Stored items from a collection
============================================================

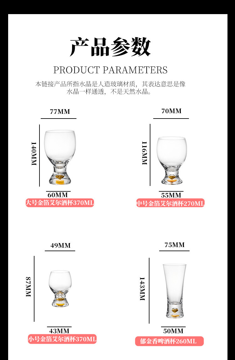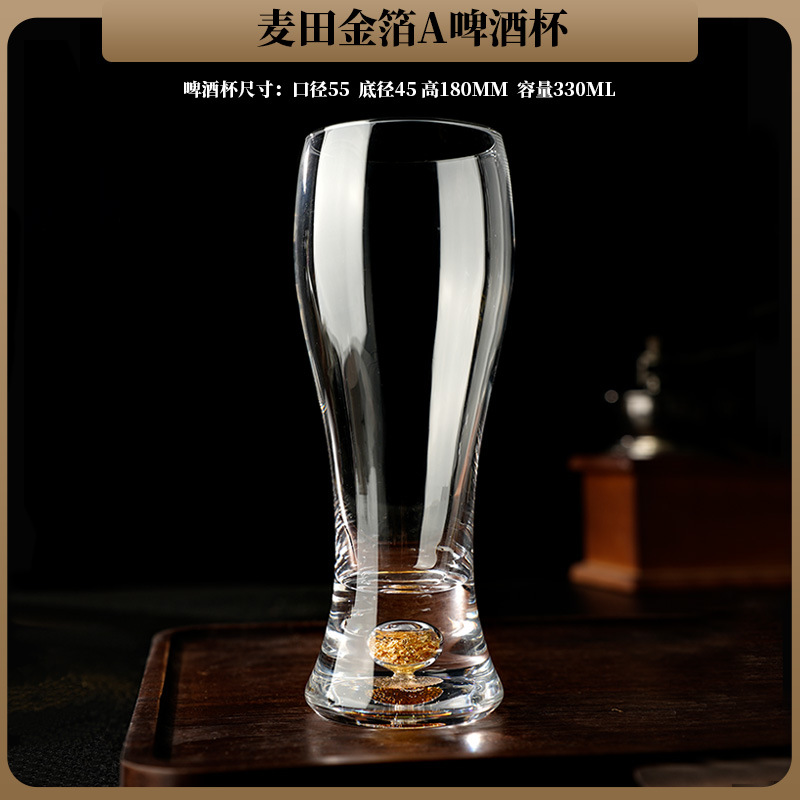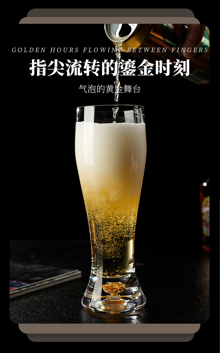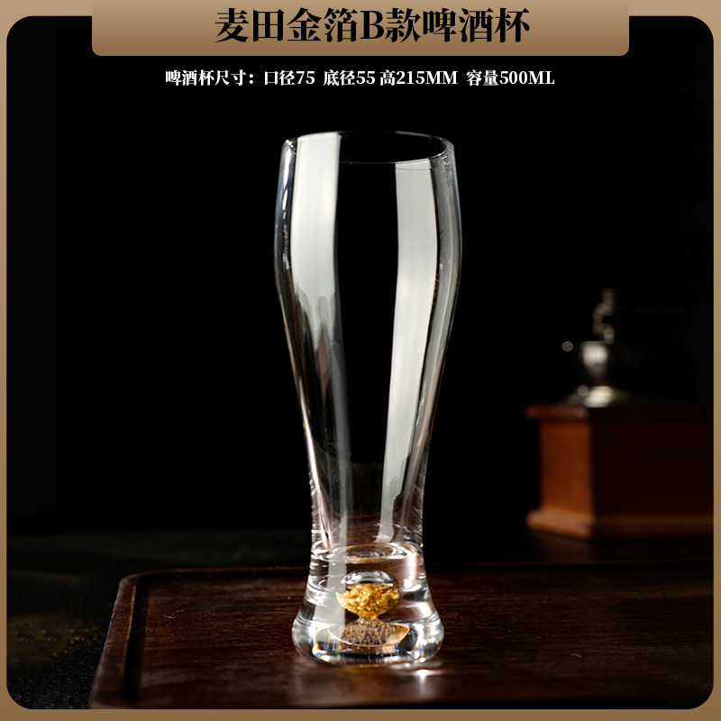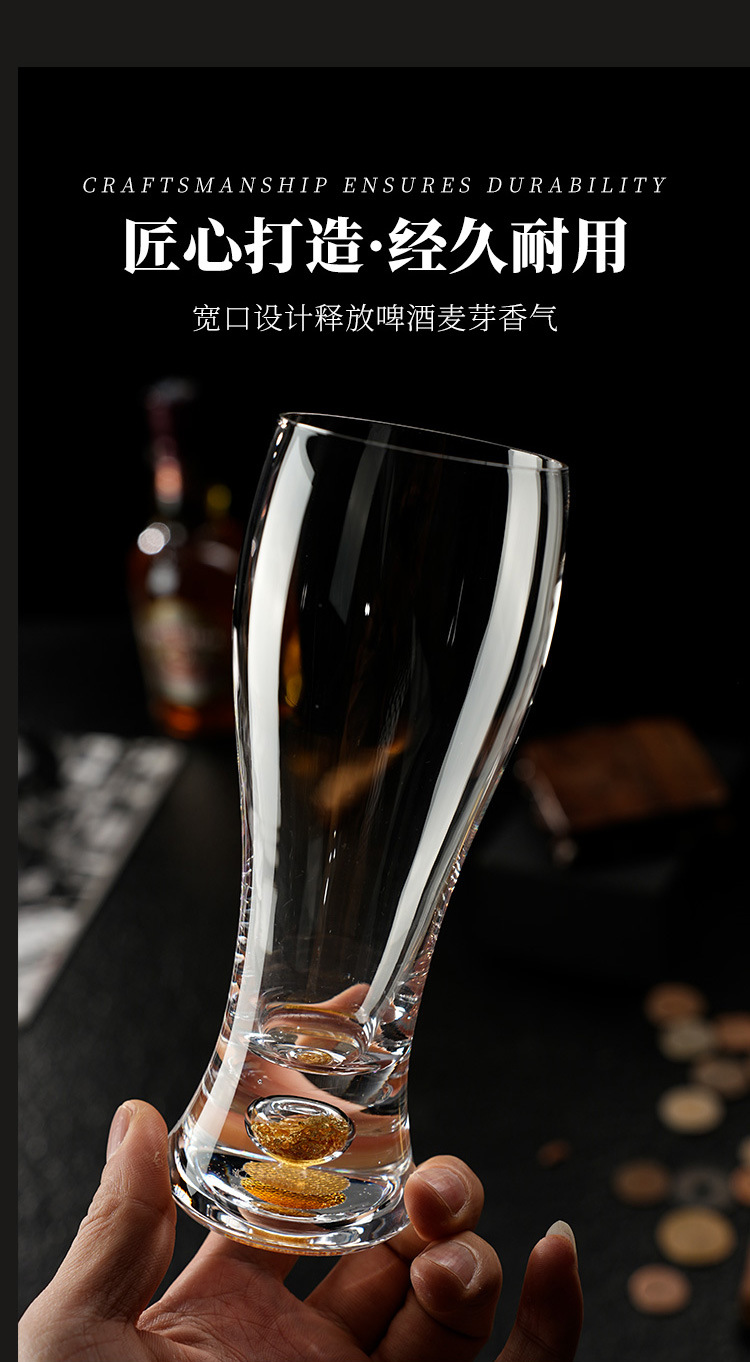 批发加厚玻璃金箔啤酒杯家用精酿小麦扎啤杯酒店ktv轻奢冷饮杯子
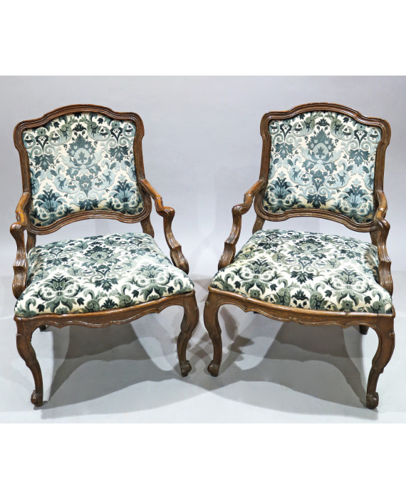 Coppia di poltrone in legno di noce, braccioli e gambe mosse, seduta e spalliera rivestite in stoffa. Italia, sec. XVIII
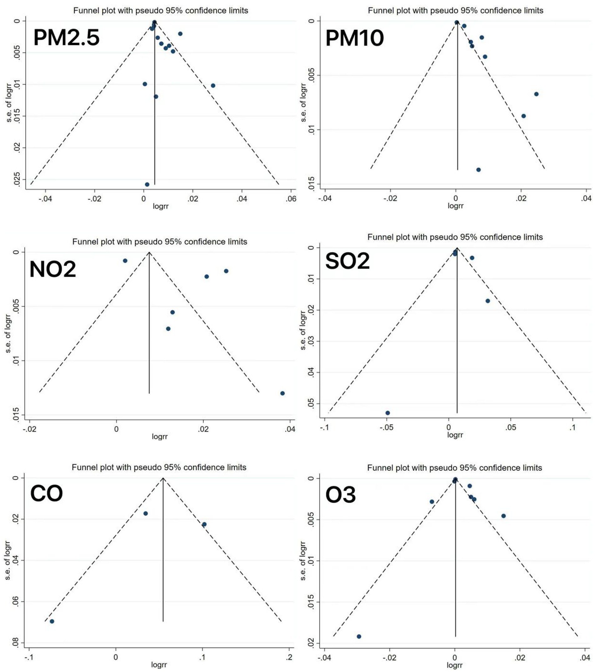 However, it should be acknowledged that this study still has several limitations. First, the included studies, despite high quality, could not fully account for confounding factors. Second, in addition to substantial heterogeneity, our sensitivity analyses and meta-regression failed to identify influencing factors, potentially due to the following reasons: (1) varied follow-up durations across the studies resulting from different study designs, which may have impacted the effect estimates and (2) inter-study differences in sampling methods, age and sex ranges, and sample sizes. In addition, funnel plot asymmetry in some analyses suggested potential publication bias, possibly leading to overestimation or underestimation of effects, which may compromise the reliability of the conclusion and misguide clinical decisions. Therefore, in the future, it is essential to conduct multi-center, large-sample studies to verify the specific roles of these factors in pollutant-specific emergency admission risks, along with stricter preregistration and improved transparency to reduce publication bias.
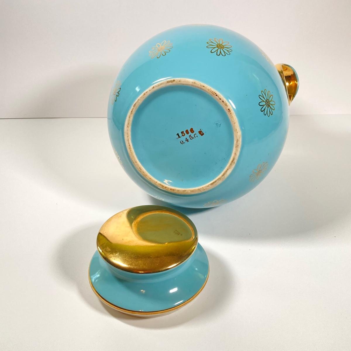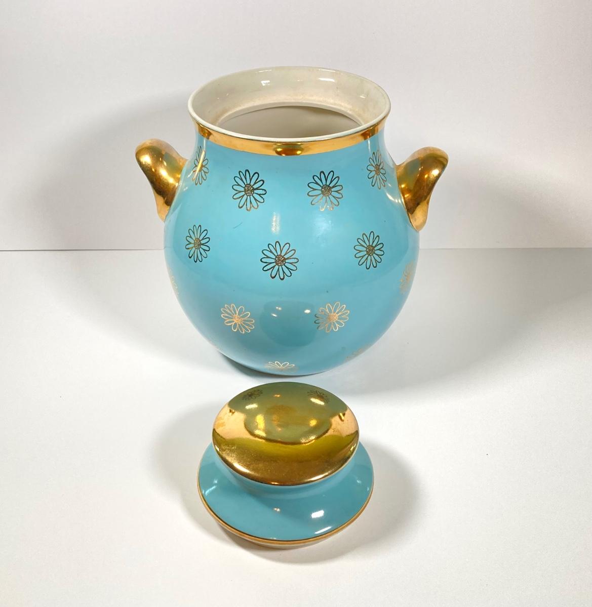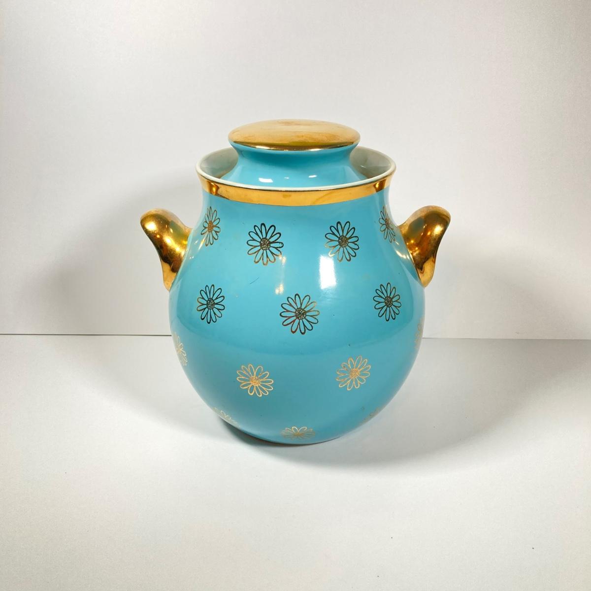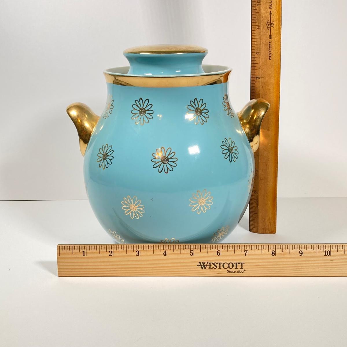 LOT 43: Vintage Hall's Cookie Jar - (Robin's Egg Blue with Gold Daisy Pattern)
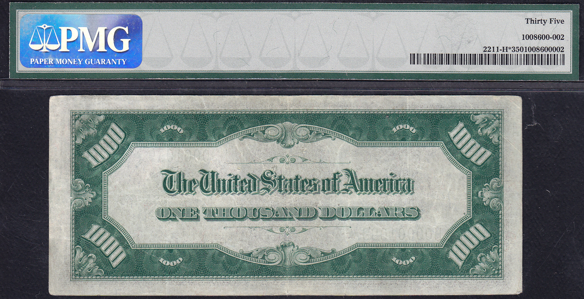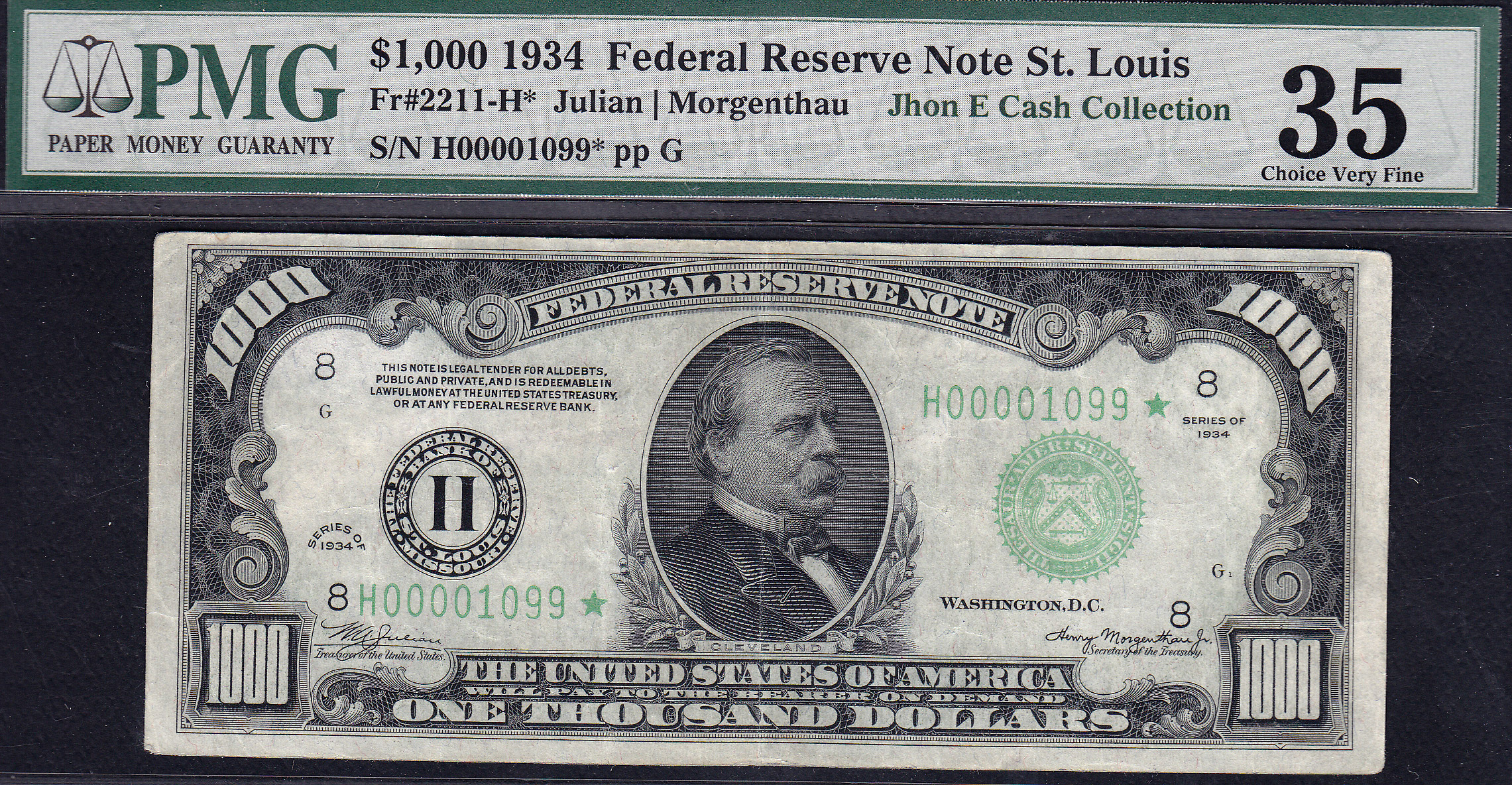 PMG POP 2/1 finer. This rare 1934 $1,000 FRN star note is from the fine city of St Louis, MO. There are only 5 known from this district. This PMG VF-35 is the 2nd finest of the 5 graded by PMG, the other one higher being a PMG-40. I find it hard to believe this is only a VF-35. You look at the scans and tell me. I don''t see any rips, tears, pinholes or bank marks. It features deep inks and broadwalk margins. This rare note currently resides in the Jhon E Cash Collection. The serial number is H00001099* and is in a PMG VF-35 holder.

============================================================

What you need to do =
Please reproduce the entries above exactly, from their first line to the line holding "Coppia di poltrone" inclusive, and nothing else; the pictures stay out.

Answer space =
 批发加厚玻璃金箔啤酒杯家用精酿小麦扎啤杯酒店ktv轻奢冷饮杯子
 Coppia di poltrone in legno di noce, braccioli e gambe mosse, seduta e spalliera rivestite in stoffa. Italia, sec. XVIII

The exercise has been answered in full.